Но вот младшая из танцующих сестер, запыхавшись и весело смеясь, бросилась на скамью передохнуть. Другая прислонилась к ближнему дереву. Бродячие музыканты – арфист и скрипач – умолкли, закончив игру блестящим пассажем, – так они, вероятно, желали показать, что ничуть не устали, хотя, сказать правду, играли они в столь быстром темпе и столь усердствовали, соревнуясь с танцорками, что не выдержали бы и полминуты дольше. С лестниц пчелиным жужжанием донесся гул одобрения, и сборщицы яблок, как пчелы, снова взялись за работу.

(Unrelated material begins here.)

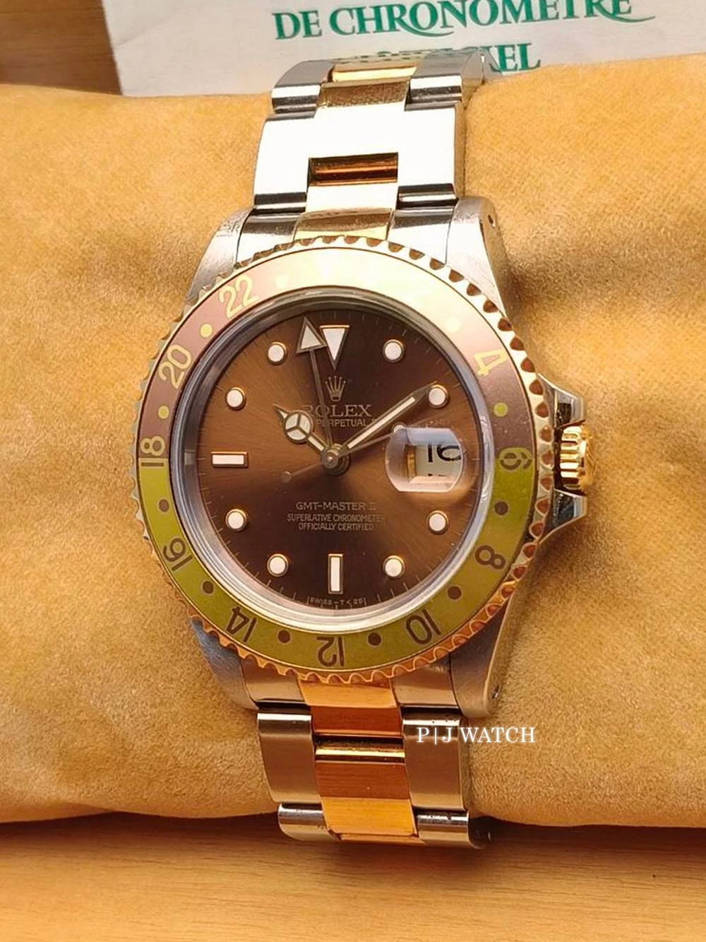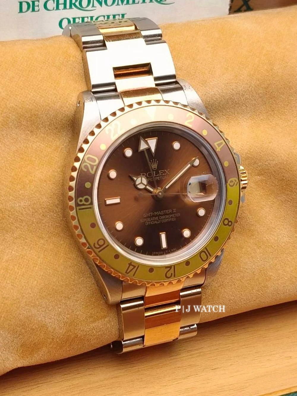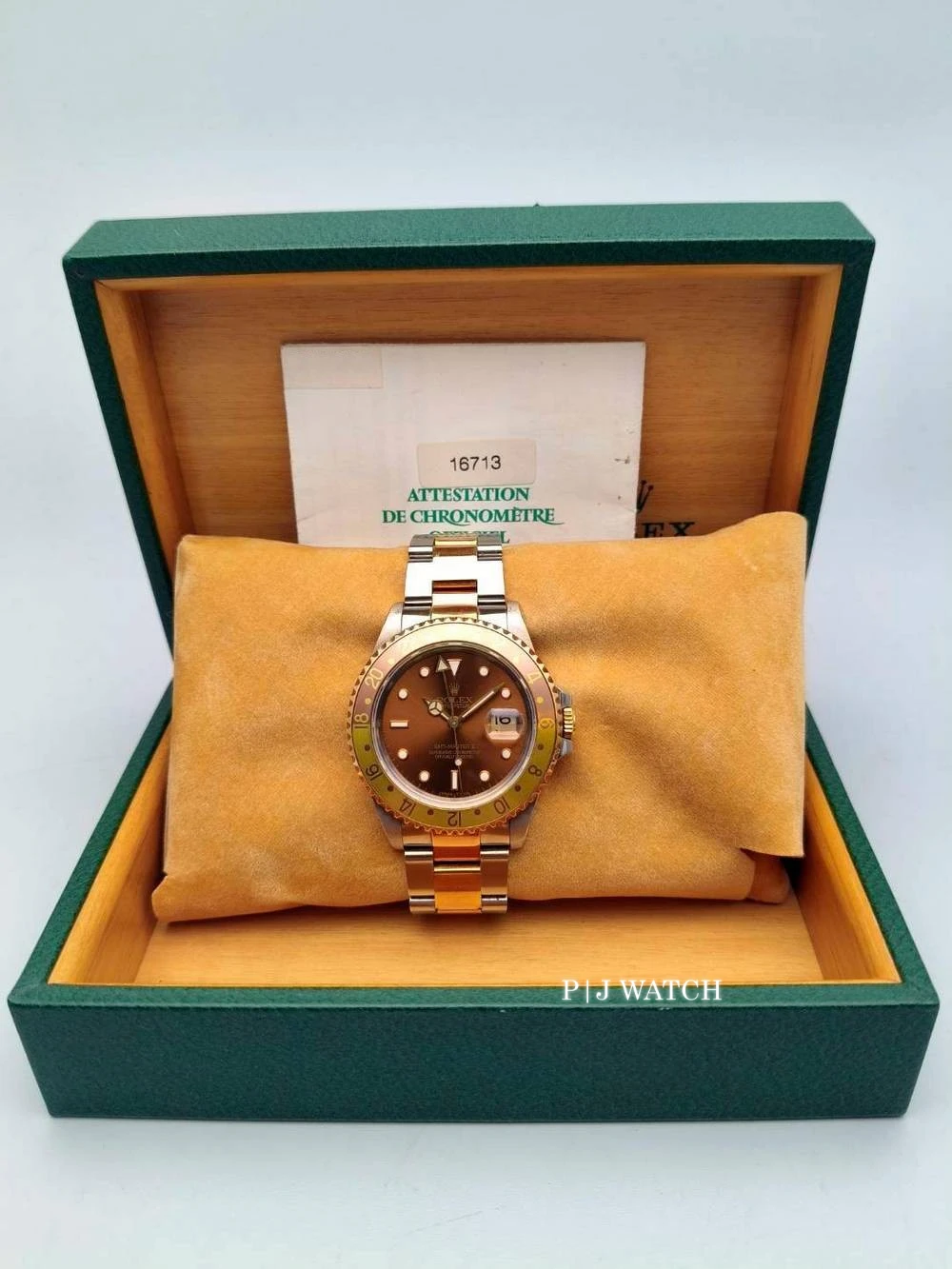 | Bezel material/วัสดุขอบหน้าปัด | ขอบ Yellow Gold 18K ครอบด้วย Cerachrom ทำสีรูทเบียร์ พิมพ์เลข 24 ชั่วโมง |

Взялись тем усерднее, быть может, что пожилой джентльмен, не кто иной, как сам доктор Джедлер (надо вам знать, что и дом и сад принадлежали доктору Джедлеру, а девушки были его дочерьми), поспешно вышел из дому узнать, что случилось и кто, черт возьми, так расшумелся в его усадьбе, да еще до завтрака. Он был великий философ, этот доктор Джедлер, и недолюбливал музыку.

– Музыка и танцы сегодня! – пробормотал доктор, остановившись. – А я думал, девочки со страхом ждут нынешнего дня. Впрочем, наша жизнь полна противоречий… Эй, Грейс! Эй, Мэрьон! – добавил он громко. – Что вы тут, все с ума посошли?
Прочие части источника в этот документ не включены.